Sensors and actuators form the backbone of modern instrumentation systems in the process and manufacturing industries. While sensors are input devices that serve as the eyes and ears of machines, actuators are output devices that make things move. An actuator is essentially a mechanical or electro-mechanical device that produces motion in response to a control stimulus.

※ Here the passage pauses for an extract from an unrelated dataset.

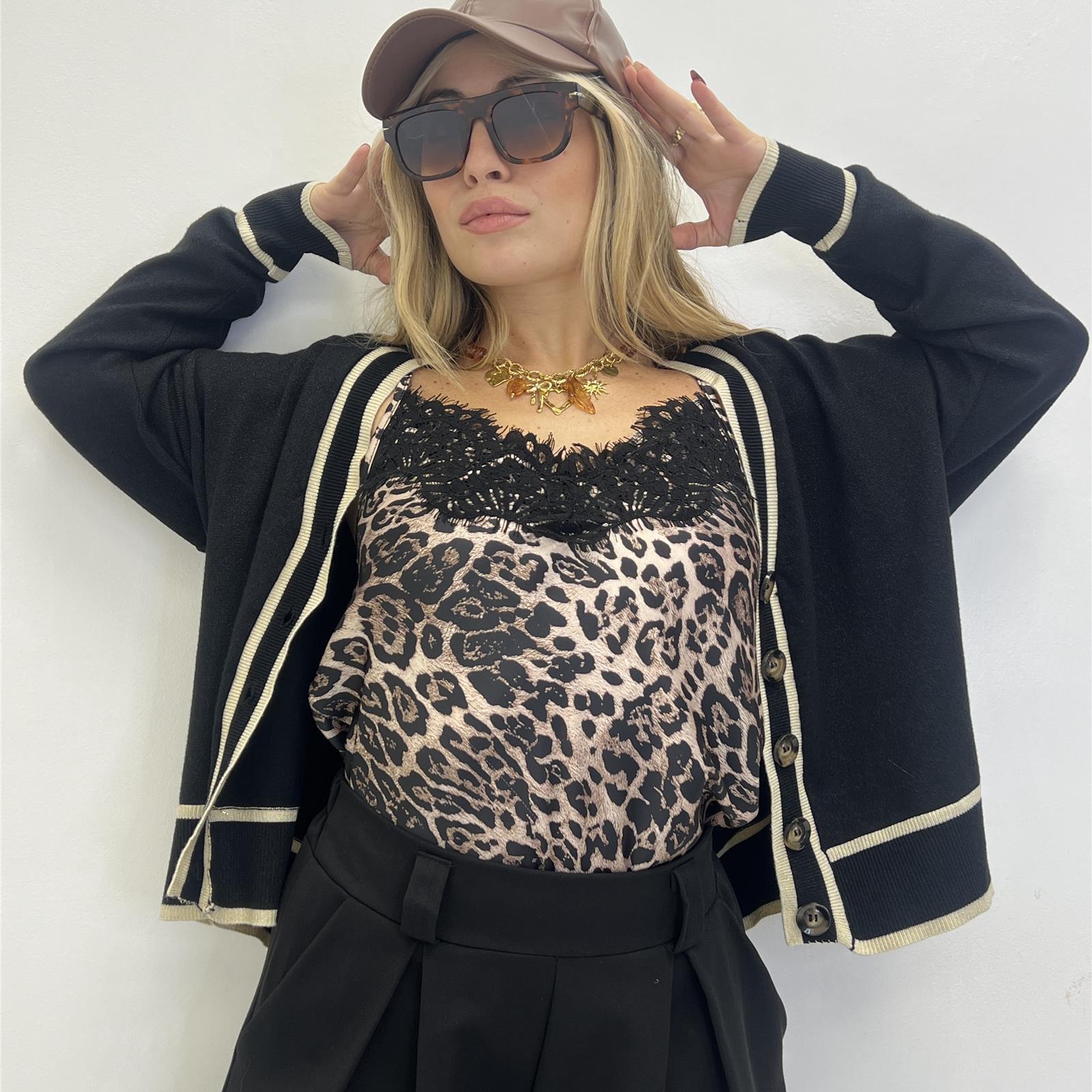 Cardiga over in tessuto elasticizzato effetto lurex bande dorate bottoni di chiusura scollo v

In a typical control system, sensors provide information to a microcontroller, and based on this information microcontroller activates the actuators. This sequence of operations is the foundation of all industrial control, instrumentation, and automation systems. This mechanism can be better understood through the following diagram:
Figure 1: A simple control system
A typical actuator requires two types of signals: 1) a control signal 2) a power signal. The control signal tells the actuator when and to what extent produce the motion whereas the power signal is used for keeping the device powered up. Depending on the type of power source, actuators can be divided into three categories:
Hydraulic and pneumatic actuators are mechanical type devices whereas electromechanical actuators use electrical energy. There are many different types of electromechanical actuators however in this article we will be focusing on multilayer piezoelectric actuators from KEMET.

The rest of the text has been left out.